Foreign investors continued to desert South Africa’s bond market in July, with their share of government debt falling to the lowest level in more than eight years.
Non-resident bond holdings fell to 30.1% as of 31 July, from 30.6% the previous month and as high as 37.3% in January, according to National Treasury data. Foreigners have sold a net R54 billion ($3.1 billion) of the debt this year, JSE Ltd. data show.
South Africa lost its last investment-grade credit rating in March, when Moody’s Investors Service cut its assessment to Ba1 from Baa3.
S&P Global Ratings and Fitch Ratings downgraded the country deeper into junk.
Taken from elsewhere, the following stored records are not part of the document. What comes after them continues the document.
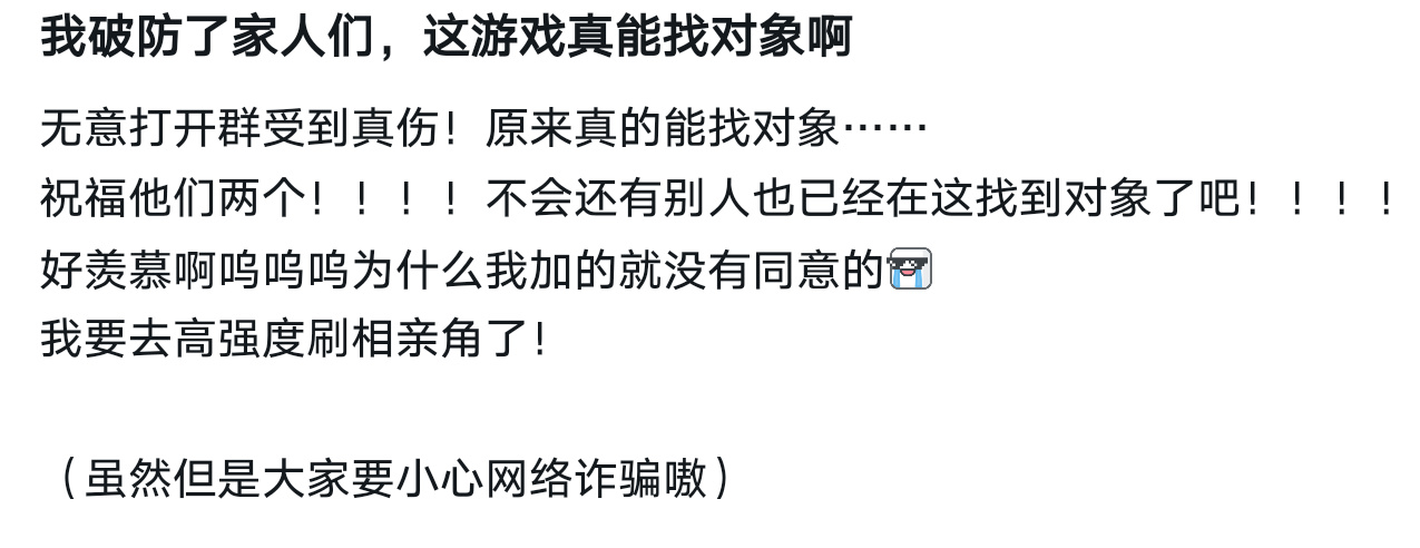 需要确认的一点是:只要你点开了相亲角便有可能被挂上去,但是随着游戏销量的提升会冲淡你被刷到的概率,并且不打上个人介绍词条的话,也有很大的概率不会被刷到。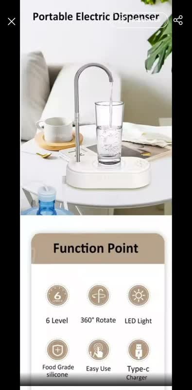 دکمه، آب را از گالن خارج میکند. این دستگاه از فناوری بیصدا بهره میبرد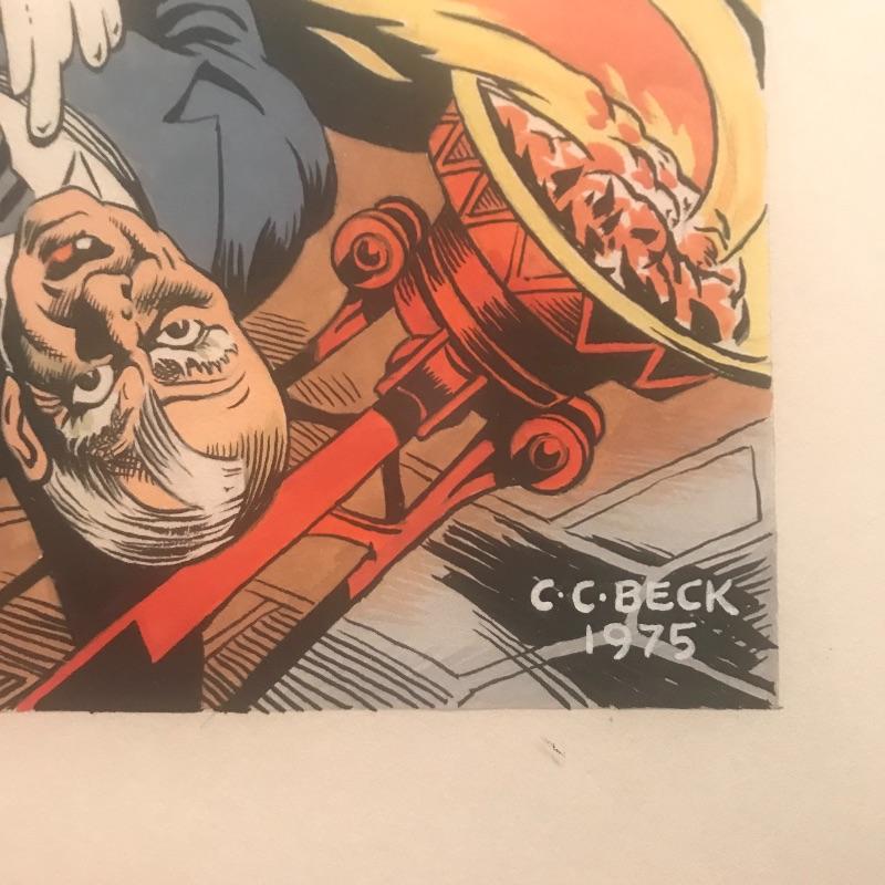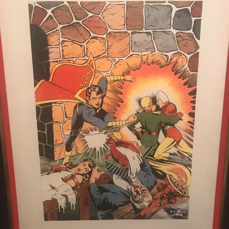 This CC Beck did not have any information with hit. The artwork is framed in a red and gold frame with glass . It measures 16” x 21”. Shipping available. Call UPS at 828-252-6930 for shipping quote prior to bidding.
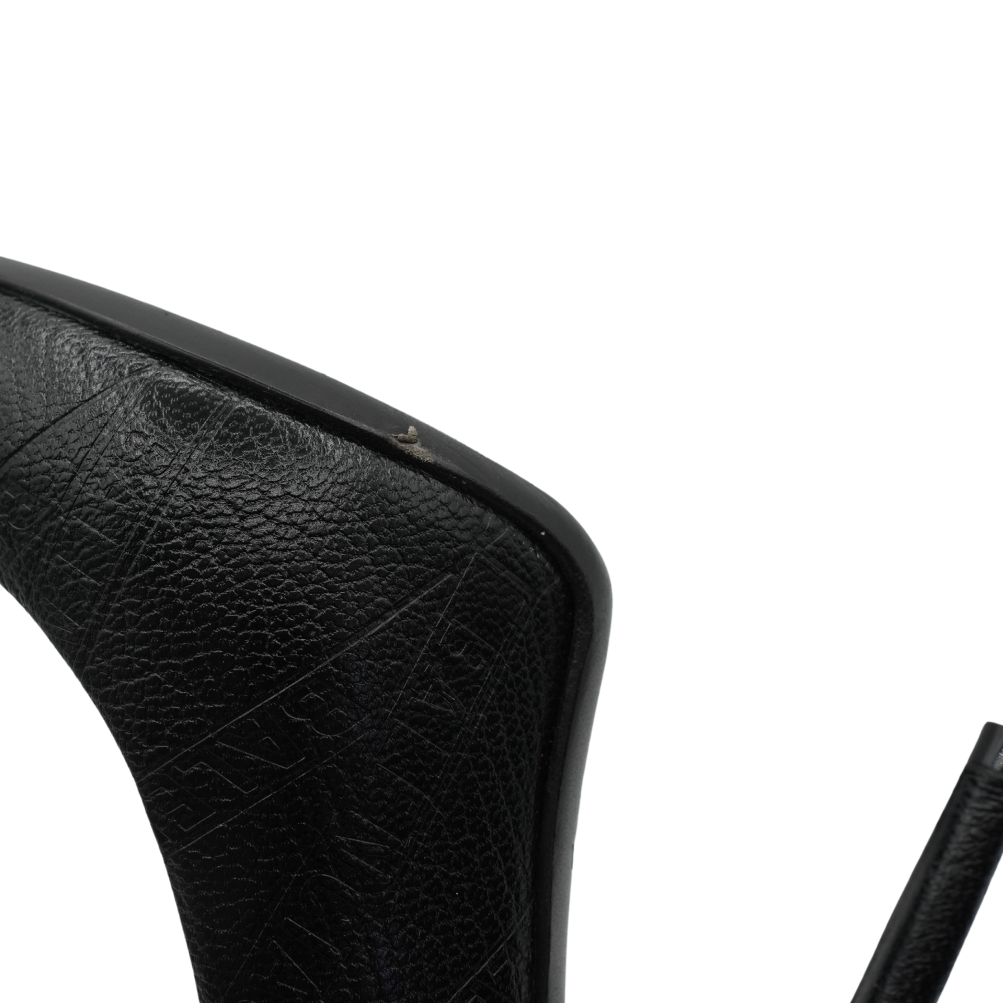 Balenciaga 'Knife' pumps in black logo embossed leather with a square heel and pointed toe.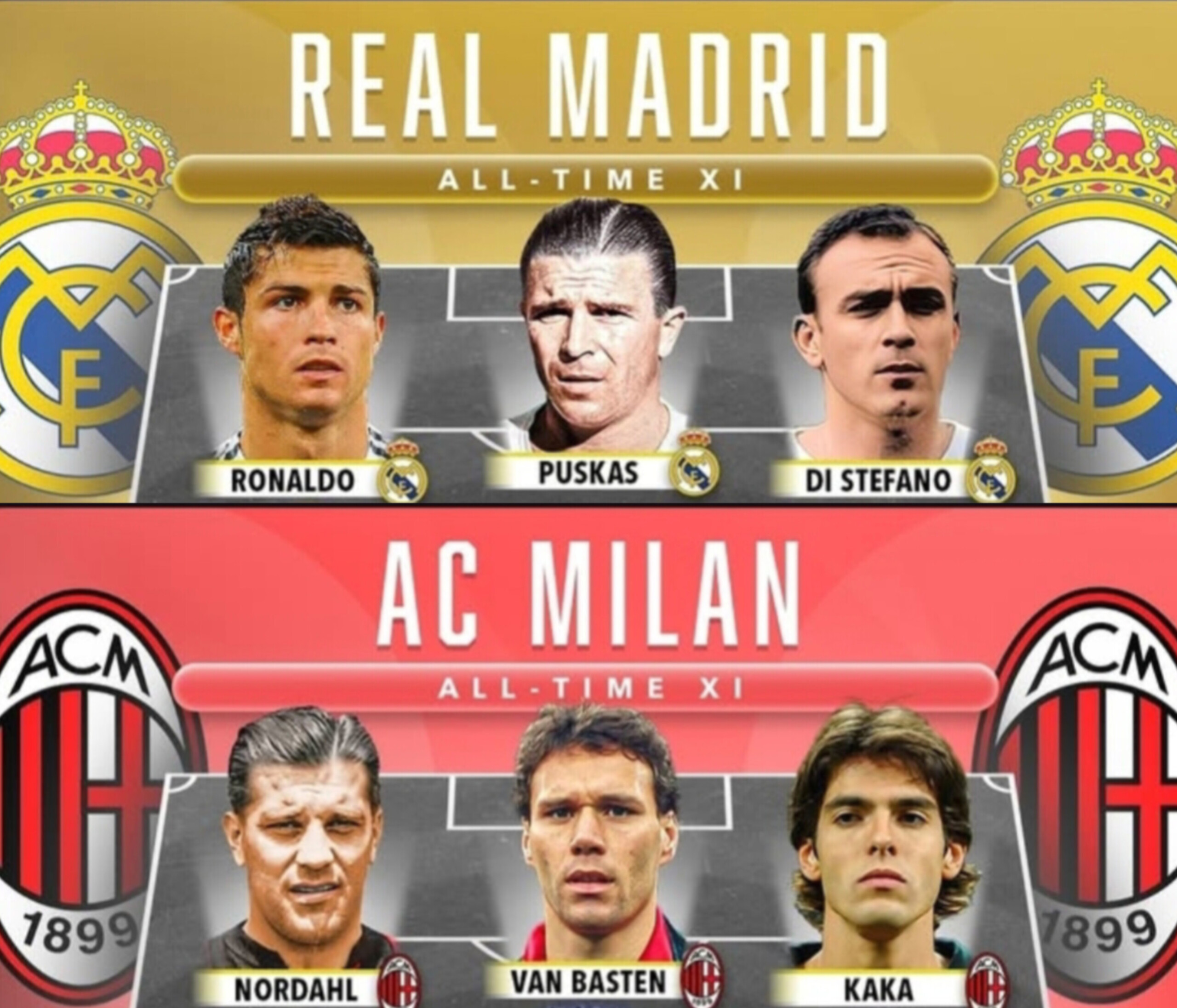 تقابل «ترکیب منتخب تاریخ آث میلان» و «ترکیب منتخب تاریخ رئال مادرید» یکی از جذابترین نبردهای فرضی تاریخ فوتبال است. بیایید مقایسه را گامبهگام بررسی کنیم.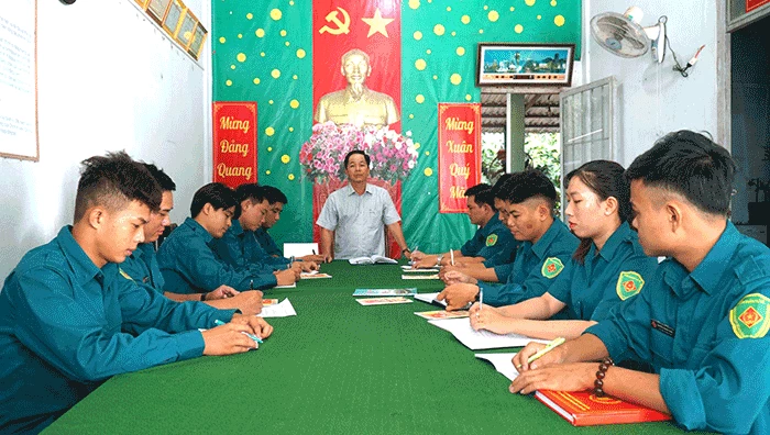 Trong kỳ họp lệ, các chi bộ ở xã Thạnh Tiến quan tâm kiểm tra việc tu dưỡng đạo đức, lối sống, “tự soi”, “tự sửa” của đảng viên. Trong ảnh: Chi bộ Quân sự xã họp lệ tháng 2-2024.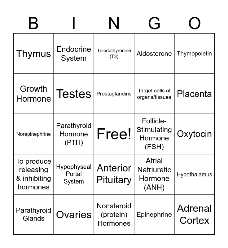 This bingo card has a free space and 25 words: Hypophyseal Portal System, Nonsteroid (protein) Hormones, Prostaglandins, Parathyroid Glands, Thymopoietin, Thymus, Growth Hormone, Endocrine System, Follicle-Stimulating Hormone (FSH), Anterior Pituitary, Target cells of organs/tissues, Norepinephrine, Atrial Natriuretic Hormone (ANH), Hypothalamus, Testes, Pancreatic Islets, Oxytocin, Triiodothyronine (T3), Placenta, Parathyroid Hormone (PTH), Adrenal Cortex, Ovaries, To produce releasing & inhibiting hormones, Aldosterone and Epinephrine.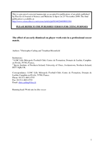 The aim of this study was to examine the effects of an early dismissal (after 5-minutes play) on work-rate in a professional soccer match. A computerised player tracking system was used to assess the work-rates of seven players who completed the match on the team with 10 players. A minute-by-minute analysis of the remaining 91mins following the dismissal was performed for the total distance covered, the distance covered in five categories of movement intensity and the recovery time between high-intensity efforts for each player. The data were calculated for each half and for three equal intervals within each half and profiled against normative data for the same players obtained from analyses of 15 games in the same season. Following the dismissal, the players covered a greater total distance than normal (p<0.025), particularly in moderate-intensity activities (p<0.01) and had shorter recovery times between high-intensity efforts (p<0.025). In contrast, there was a significant reduction between game halves for total distance covered at both the highest (p<0.025) and lowest running intensities (p<0.01). However, there were no differences in high-intensity activities across the three intervals in the second-half. These findings suggest that in 11 v 11, players may not always utilise their full physical potential as this match illustrated an increase in overall work-rate when reduced to 10 players. However, as a team with 10 players is likely to incur higher levels of fatigue, tactical alterations may be necessary and/or players may adopt a pacing strategy to endure the remainder of the match.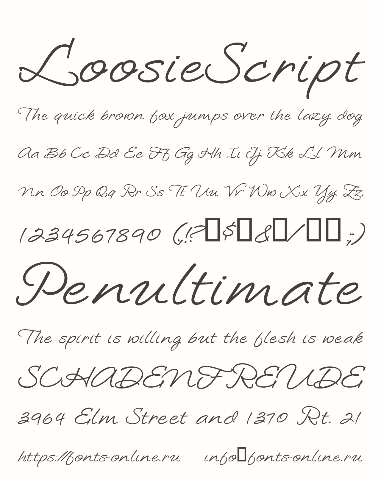 LoosieScript PinterestFacebookTwitter Скачать LoosieScript Тестировать LoosieScript Сообщить об ошибке Шрифт LoosieScript. Гарнитура содержит 1 файл и поддерживает 12 языков. Copyright Generated by Fontographer 4.0 Дополнительная информация Категории Каллиграфические шрифты Рукописные шрифты Языки Английский Зулу Индонезийский Корнский Оромо Руанда Рунди Северный ндебеле Сомалийский Суахили Узбекский Шона
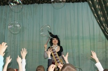Первая часть шоу состояло из трюков и фокусов с мыльными пузырями. Из цветов и огромных сердец. Дети попускали мыльные пузыри собственноручно.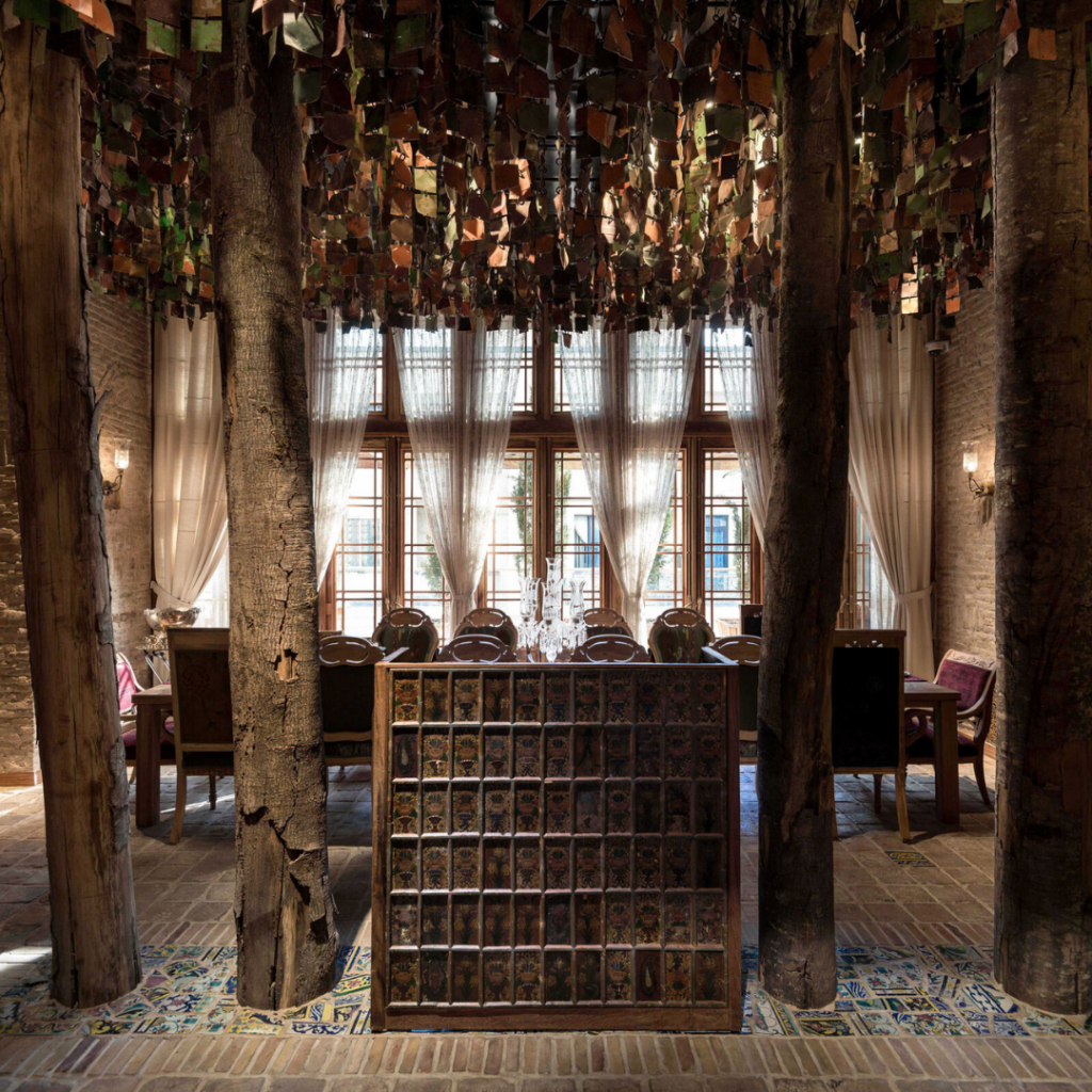A luz da manhã passando pelas folhas metálicas das árvores no “Hayat Khaneh” lembra da entrada do pátio central do outro lado de um corredor escuro.
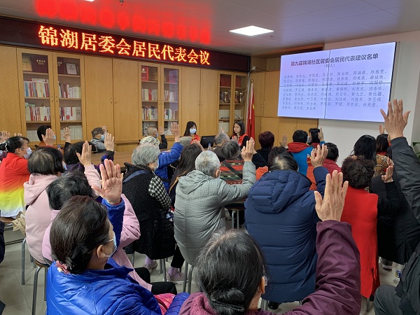 会上,首先由工作人员宣读“锦湖社区居民委员会第九届居民代表建议名单”。接着对第九届居民代表建议名单行举手表决,通过举手表决,最后推选出新一届居民代表52名。

The bonds exited indexes tracking investment-rated debt, sparking forced sales by funds benchmarked against those.
“The continuous downgrades by all three ratings agencies seem to be having the effect of taking South Africa off the radar for many offshore investors despite the attractive yields on offer,” said Deon Kohlmeyer, a Johannesburg-based trader at Rand Merchant Bank.
“It remains to be seen whether local investors can take up the issuance slack created by the reduction in offshore investor interest.”
Yields on government bonds are among the highest in emerging markets, with benchmark 10-year debt offering a pickup of 8.78 percentage points over US Treasuries.
The 10-year yield rose 4 basis points on Tuesday at 9.31%. It’s climbed 67 basis points since the beginning of June.